Rollups come in two flavours:
- Optimistic rollups - ORs depend on a dispute game run by active validators.
- ZkRollups - ZKRs rely on cryptographic zero-knowledge (ZK) proofs, which are instantly validated by a smart contract.
- From this blog by Token Daily (7-7-2020):
"Rollup scaling implementations are relatively new entrants to the market. They aim to solve the data availability problem by keeping the transaction data stored on the Ethereum’s blockchain in a bundled/compressed format. The main goal of this transaction grouping is to reduce validation costs. The grouped transactions are not validated directly by the Ethereum consensus mechanism. Instead, a different mechanism is used to prove the validity of these transactions."
History
- From this deep dive (27-1-2020 done by Dragonfly) into why Plasma died, and how zk-Rollup came out of it:
"But zk-Rollup came with its own set of tradeoffs. Namely, validity proofs are computationally expensive to generate (details here). These zk-SNARKS are produced every block and can take upwards of 10 minutes to generate while costing up to 350,000 gas per verification (post Istanbul). For reference, that’s about 3.5% of an entire block (was 8% pre Istanbul).
Additionally, it is currently not possible to deploy general smart contracts on zk-Rollup sidechains. Proposals are under development for specialized zero-knowledge VMs that would enable this, such as zkVM and ZEXE, but they still require lots of specialized knowledge to interact with them.

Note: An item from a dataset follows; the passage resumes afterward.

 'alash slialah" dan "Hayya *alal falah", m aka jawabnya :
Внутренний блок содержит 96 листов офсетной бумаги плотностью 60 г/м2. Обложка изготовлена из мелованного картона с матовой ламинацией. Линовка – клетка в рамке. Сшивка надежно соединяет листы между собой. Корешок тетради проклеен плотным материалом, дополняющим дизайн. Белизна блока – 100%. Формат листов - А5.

For the most part, zk-Rollups limit general programmability.
By mid-2019, these new developments had re-energized the Ethereum research community. zk-Rollup seemed to solve many of the problems that had plagued the layer-2 narrative. Companies such as Matter Labs (one of our portfolio companies) and LoopRing began actively developing zk-Rollups, and both have testnet implementations live today. With optimizations, Matter Labs believes that it can achieve upwards of 2,000 TPS on its ZK Sync network.
Additionally, Starkware (also a portfolio company) is building a variation on zk-Rollup they call StarkExchange. StarkExchange uses a STARK to prove the validity of sidechain transactions, but delegates the problem of data hosting off-chain (if the sidechain ever halts, exits are guaranteed through on-chain checkpointing). They are implementing a DEX in partnership with DeversiFi with this design and will be launching on mainnet in the near future."
Rollup Consensus Roles
- Sequencers / Proposers
- Provers
- Node runners
"Proposers construct rollup blocks from users’ L2 transactions and propose them to L1. Sometimes these are referred to as Sequencers in other rollup systems. Proposers decide which transactions to include in a block and how to order them. This is a powerful position as it can extract profit from transaction ordering and decide which transactions to exclude, and is thus able to censor certain transactions, applications, or users.

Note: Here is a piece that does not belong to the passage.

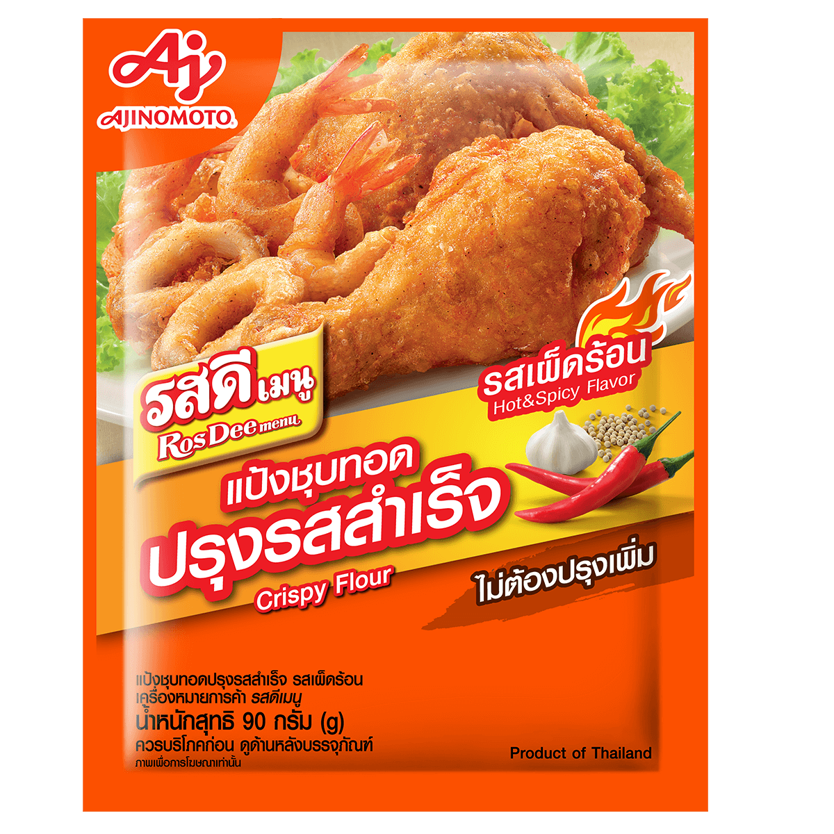 รสดีเมนู แป้งชุบทอดปรุงรสสำเร็จ รสเผ็ดร้อน แป้งสาลี 72% แป้งมันสำปะหลัง 15% เกลือบริโภคเสริมไอโอดีน 3% เครื่องเทศ 2% พริกแห้งผง 1% สารเพิ่มรสชาติ (มอโนโซเดียมแอล-กลูทาเมต และไดโซเดียม 5'-ไรโบนิวคลิโอไตด์) สารช่วยให้ฟู (INS 450(i), INS 500(ii), INS 341(i)) สารทำให้คงตัว (INS 412) แต่งกลิ่นธรรมชาติ ข้อมูลสำหรับผู้แพ้อาหาร: มีข้าวสาลี

As we established —> a decentralized rollup should allow users to expect the inclusion of all of their valid transactions.

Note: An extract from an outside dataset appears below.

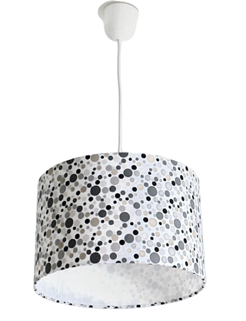 La suspension abat-jour est réalisée à partir d'une carcasse métallique finition époxy blanche recouverte de tissu 100% coton certifié OEKO TEX (sans produit chimique) motifs imprimés pois contrecollé sur un polyphane ignifugé blanc (PVC non inflammable).

Provers generate SNARK proofs asserting the validity of L2 transactions and blocks from the aforementioned proposed blocks. Provers decide which proposed blocks to turn into on-chain verified blocks. This position decides when a block can reach its on-chain verified state, but not which txs go in a block or how they are ordered. Until this on-chain verified state, the prover can leave hanging certain transactions that depend on the validity proof, or leave hanging certain would-be on-chain verified blocks that are waiting for their parent block to be on-chain verified.
As we established —> a decentralized rollup should allow users to expect verification of all of their valid transactions.
Node runners execute transactions from on-chain (L1) data to stay in sync with the rollup state. Proposers and provers need to run full rollup nodes to fulfill their respective roles. Other actors would also want to run nodes, such as those offering services like a block explorer, infrastructure providers, and users who want to stay in sync with the chain state for other reasons.
As we established —> a decentralized rollup should allow users to expect the execution of all of their valid transactions.
Note: while decentralizing proposers/provers is an explicit rollup protocol decision (e.g. the smart contracts may be configured to only accept blocks or proofs from allowlisted addresses), running a node is mostly a resource consideration that depends on state growth, hardware requirements, etc., and is not an outright protocol decision."
Optimistic Rollups
- Settles transactions as L1 calldata. Assumes every transaction is valid by default as it does not compute the transaction. Uses fraud proofs to dispute transactions, hence the seven-day withdrawal period.
- The following comes from this Twitter thread by Token Terminal (24-6-2020):
What are Optimistic rollups? ORs resemble Plasma sidechains, but tradeoff some of their scalability to run fully general smart contracts (whereas ZKRs are currently better suited for simple payment transactions). ORs can run anything Ethereum can.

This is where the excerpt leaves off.